Только теперь я позволил себе шевельнуться. Чуть отодвинул ее от себя, погладил непокрытую голову. Подышал на снежинки в рыжих в волнах волос.
Я помню. Я заметил. Не нужно плакать. Пожалуйста, идем, холодно. Ты вот даже без шапочки. Ну, идем.
Я вытер ей слезы. На щеках черные дорожки.
Тихонько толкаю ее к двери, чтоб первой попала в тепло.
Веду ее за руку к стойке портье.
Моя знакомая девушка за стойкой сначала понятливо заулыбалась, но, заметив распухшее лицо Жаклин, удивленно посмотрела на меня.
Меня попросили записать мисс Саммер в графе гости.
Мы молча ехали в лифте. Молча, друг за другом прошли в мой номер.
Я помог снять ей шубу. Не стеснясь, держась за стену, присел, снял ей сапожки с озябших ног. Погрел ей руками холодные ступни.
Она вдруг снова заплакала. Оперлась о стену спиной, закинула голову, улыбалась и плакала.
Осторожно поднявшись, я обнял ее, погладил, успокаивая, и предложил зайти в ванную комнату. Пусть посмотрит на себя в зеркало. Это иногда меняет настроение женщин. По крайней мере, они перестают плакать.
Раздевшись, сам я пошел на кухню.
Сначала сунул под кран с холодной водой голову. Держал так долго, что уши замерзли. Хотелось напрочь изгнать остатки хмеля. Потом тер полотенцем виски, в которых стучало «дин-дон», «дон-динь».
И уж только, когда чуть отлегло, решил приготовить чай. Надо же было как-то согреться. Я и сам вдруг почувствовал, что дрожу.
В кухне запахло свежим ананасом. Только он еще затерялся в моем холодильнике.
Вино я не стал доставать.
Чай был душистым и сладким. Оказалось, что Жаклин тоже пьет его с сахаром.

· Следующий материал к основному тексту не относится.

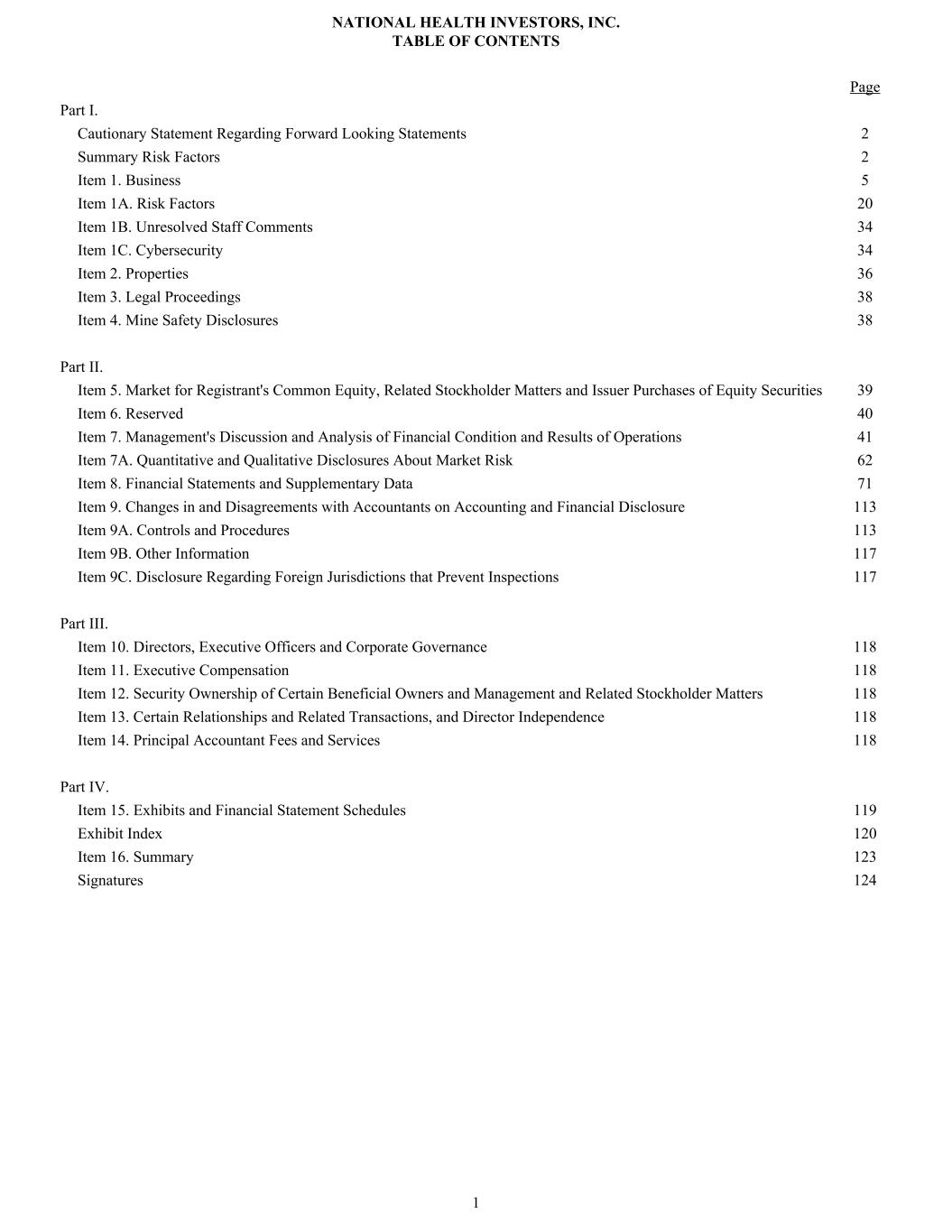 Page Part I. Cautionary Statement Regarding Forward Looking Statements 2 Summary Risk Factors 2 Item 1. Business 5 Item 1A. Risk Factors 20 Item 1B. Unresolved Staff Comments 34 Item 1C. Cybersecurity 34 Item 2. Properties 36 Item 3. Legal Proceedings 38 Item 4. Mine Safety Disclosures 38 Part II. Item 5. Market for Registrant's Common Equity, Related Stockholder Matters and Issuer Purchases of Equity Securities 39 Item 6. Reserved 40 Item 7. Management's Discussion and Analysis of Financial Condition and Results of Operations 41 Item 7A. Quantitative and Qualitative Disclosures About Market Risk 62 Item 8. Financial Statements and Supplementary Data 71 Item 9. Changes in and Disagreements with Accountants on Accounting and Financial Disclosure 113 Item 9A. Controls and Procedures 113 Item 9B. Other Information 117 Item 9C. Disclosure Regarding Foreign Jurisdictions that Prevent Inspections 117 Part III. Item 10. Directors, Executive Officers and Corporate Governance 118 Item 11. Executive Compensation 118 Item 12. Security Ownership of Certain Beneficial Owners and Management and Related Stockholder Matters 118 Item 13. Certain Relationships and Related Transactions, and Director Independence 118 Item 14. Principal Accountant Fees and Services 118 Part IV. Item 15. Exhibits and Financial Statement Schedules 119 Exhibit Index 120 Item 16. Summary 123 Signatures 124 NATIONAL HEALTH INVESTORS, INC. TABLE OF CONTENTS 1
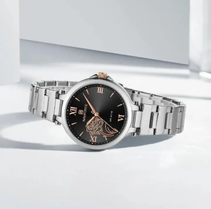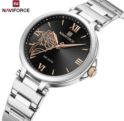 NAVIFORCE NF5060 Women's Fashion Rose Relief Roman Numeral Stainless Steel Watch - Black/Silver
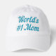 Hat with World's #1 Mom in 3D sky blue text.
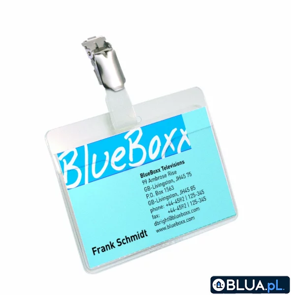 Do dowodów lub kart identyfikacyjnych. Z mocno przezroczystej twardej folii. Z obrotowym klipsem umożliwiającym pionowe zaczepienie. Kieszeń otwarta od góry umożliwia szybkie wyciąganie dowodu bez wyciągania klipsa. Z etykietami do zadrukowania.

Она ела ананас ложечкой. Молча открывала рот, сосала кусочек, как конфетку, жевала долго и задумчиво.
Я следил за каждым ее жестом. А они становились затяжными.
Она согревалась.
Ну вот ты и согрелась, Жаклин.
Я улыбнулся.
Может, теперь ты расскажешь, что все это значит.
Взгляд ее тоже потеплел. Оттаял детский задор в выражении лица. Ее природная рыжесть и улыбка раскрасили лицо в розовый цвет. Глаза, правда, остались размыто зелеными.
Она спросила: А ты возьмешь меня с собой?
Я помолчал, припомнив многими забытое: Не знаете, чего просите.
Жаклин облизала губы и вытерла их ладонью.
Я буду рассказывать, а ты будешь смотреть на меня и ругать про себя, так?
Я улыбнулся.
Жаклин
Ты возьмешь меня с собой?
Я сделаю, как нужно тебе.
Она потянулась за чашкой и случайно опрокинула ее.
Мы оба безучастно смотрели на растекающееся пятно чая на столе и молчали.
Потом она налила себе чай снова, сделала глоток и призналась.
Я целый день сидела в библиотеке, листала подшивки американских газет. Нашла статью про аварию, в которую ты попал. О тебе вообще много пишут. А врут много?
Сколько в ней взрослого, а сколько детского? Так легко о правде может спросить только ребенок.
Ты же сама занимаешься прессой, знаешь, не все то, что есть буква истина.
Если в ней больше взрослого, она опять задаст вопрос. А если детского
Я чего-то боюсь.
Чтоб это не заметил ребенок в ней, я заговорил о чепухе. О какой-то газетенке, где папарацци написали, что я это не я. То есть я не попавший в серьезную аварию Тэд Лоренс. Тот у них уже котлета для бургера. А я тот, кого требуется идентифицировать, ибо я вернее всего мнимый Лоренс, тоже попавший в какую-то заварушку на дороге, но на их взгляд заварушку легкую.
Жаклин кивнула: Да, я читала. Их удивило, что ты уже через полгода появился в офисе Лоренс Компани живым и невредимым. Был трудно узнаваем и грозен.
Да уж! Фантазий была масса. Хорошо близких моих не развратили этой грязью.
Но сейчас дело не во мне.
Жаклин, у меня к тебе просьба. Обещай, что ты выполнишь ее.
Да, если ты не выгонишь меня?
Я как раз об этом. Позвони Глории. Или хотя бы портье, пусть передадут ей, что ты в порядке.
Вот когда она закончила говорить словами: И передайте, я в порядке, завтра мы встретимся, мне стало значительно легче.
Легче справляться с напряжением, которое росло во мне.
Я улыбнулся. Протянул ей руки. Она встала, обошла стол и осторожно села на мои колени.
Мы обнялись. От ее губ пахло ананасом.
Наконец мы оба согрелись.
Я в библиотеку не ходил. Мне тут для чтения библию подбросили. А про тебя там мало написано. Что, например, значат слова, что на тебе все сходится?
Не так.
Она потерлась о мою щеку.
Наверное, та уже колючая, не ждал я никого к себе на ночь.
Не тот акцент, Тэд. Все сходится на мне.
Я рассмеялся.
А вот так? А на мне, представь, все расходится!